> [SUPPLIED MATERIAL]:
* * * * *

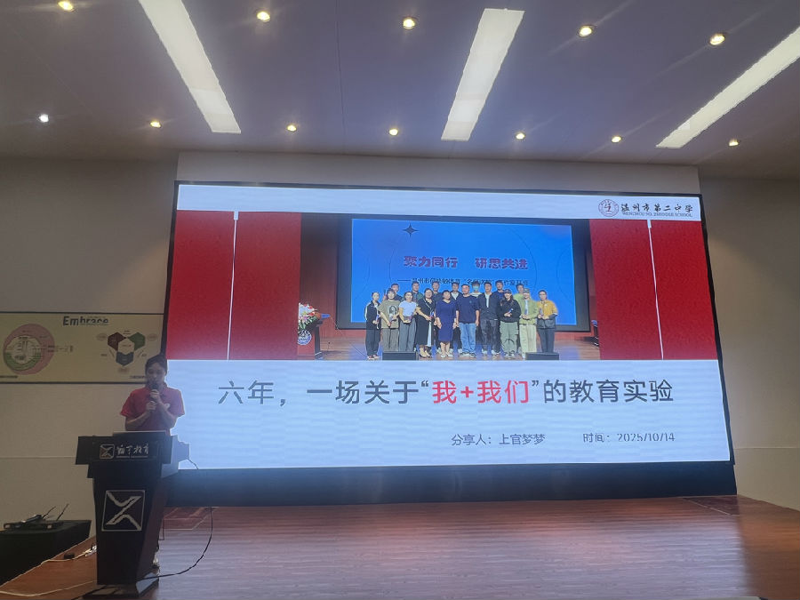 上午8:50开始,两场精彩的讲座展示拉开活动序幕。潘祖达老师作《体育十年》主题分享,从自己的从教经历出发,深入阐述了体育教育在提升学生身体素质、培养意志品质、塑造健全人格等方面的长期价值,为体育教师挖掘体育育人的深层内涵提供了新视角。上官梦梦老师的《六年,一场关于“我+我们”的教育实验》,则通过自身六年的教育实践案例,分享了在体育教学中如何构建师生、生生之间的协作共同体,实现从“个体成长”到“群体发展”的教育突破,其鲜活的故事与深刻的思考引发在场教师共鸣。
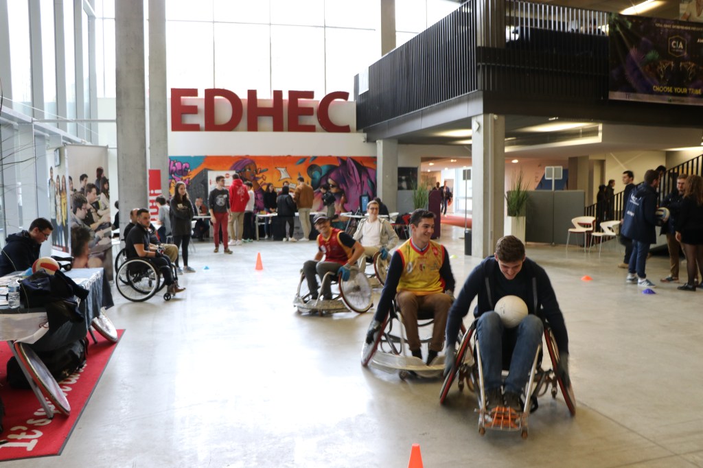 Les étudiants de l’EDHEC étaient invités à participer à des matchs de rugby et de hockey en fauteuil roulant, mais aussi défier leurs sens à travers un blind test culinaire,  ou encore un parcours à l’aveugle… Ils ont également pu tester des casques de réalité virtuelle, et approfondir leur connaissance du handicap en participant des quiz.
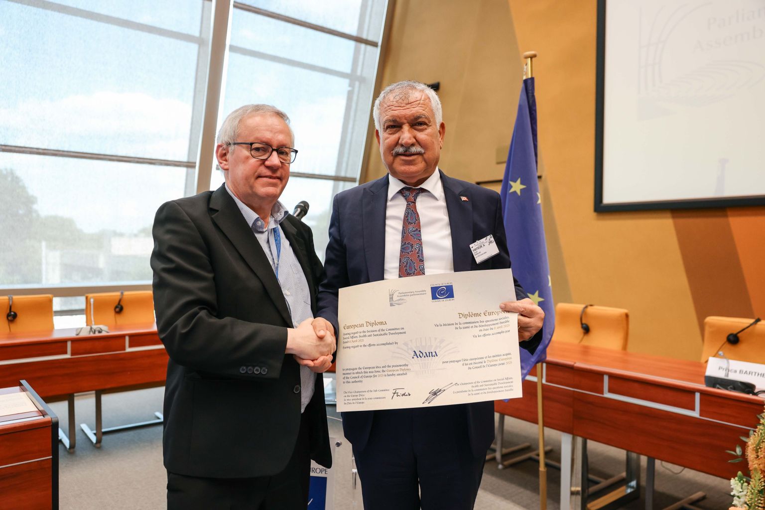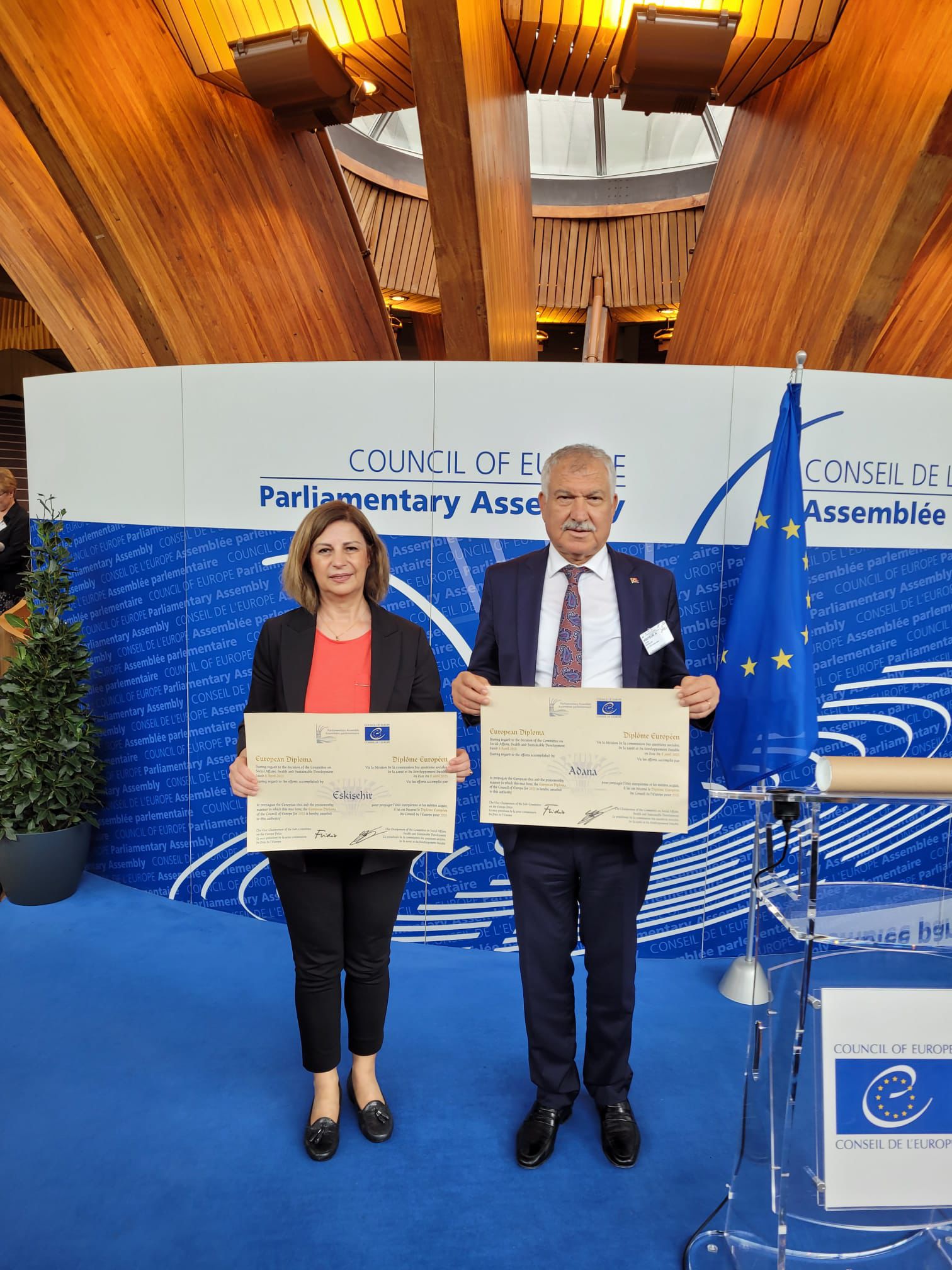 Avrupa Parlamenter Meclisi Avrupa Diploması Ödülü; Türkiye'den Adana Büyükşehir Belediyesi ve Eskişehir Büyükşehir Belediyesi'ne verildi. Başkan Zeydan Karalar, katılımcılara Almanca hitap ederek, Adana'nın değerlerini anlattı, yerelden Avrupa'ya uzanan d

* * * * *

> [WHAT YOU NEED TO DO]: Once the pictures are removed, print all the remaining data exactly as it stands.

> [YOUR RESPONSE]:
 上午8:50开始,两场精彩的讲座展示拉开活动序幕。潘祖达老师作《体育十年》主题分享,从自己的从教经历出发,深入阐述了体育教育在提升学生身体素质、培养意志品质、塑造健全人格等方面的长期价值,为体育教师挖掘体育育人的深层内涵提供了新视角。上官梦梦老师的《六年,一场关于“我+我们”的教育实验》,则通过自身六年的教育实践案例,分享了在体育教学中如何构建师生、生生之间的协作共同体,实现从“个体成长”到“群体发展”的教育突破,其鲜活的故事与深刻的思考引发在场教师共鸣。
 Les étudiants de l’EDHEC étaient invités à participer à des matchs de rugby et de hockey en fauteuil roulant, mais aussi défier leurs sens à travers un blind test culinaire,  ou encore un parcours à l’aveugle… Ils ont également pu tester des casques de réalité virtuelle, et approfondir leur connaissance du handicap en participant des quiz.
 Avrupa Parlamenter Meclisi Avrupa Diploması Ödülü; Türkiye'den Adana Büyükşehir Belediyesi ve Eskişehir Büyükşehir Belediyesi'ne verildi. Başkan Zeydan Karalar, katılımcılara Almanca hitap ederek, Adana'nın değerlerini anlattı, yerelden Avrupa'ya uzanan d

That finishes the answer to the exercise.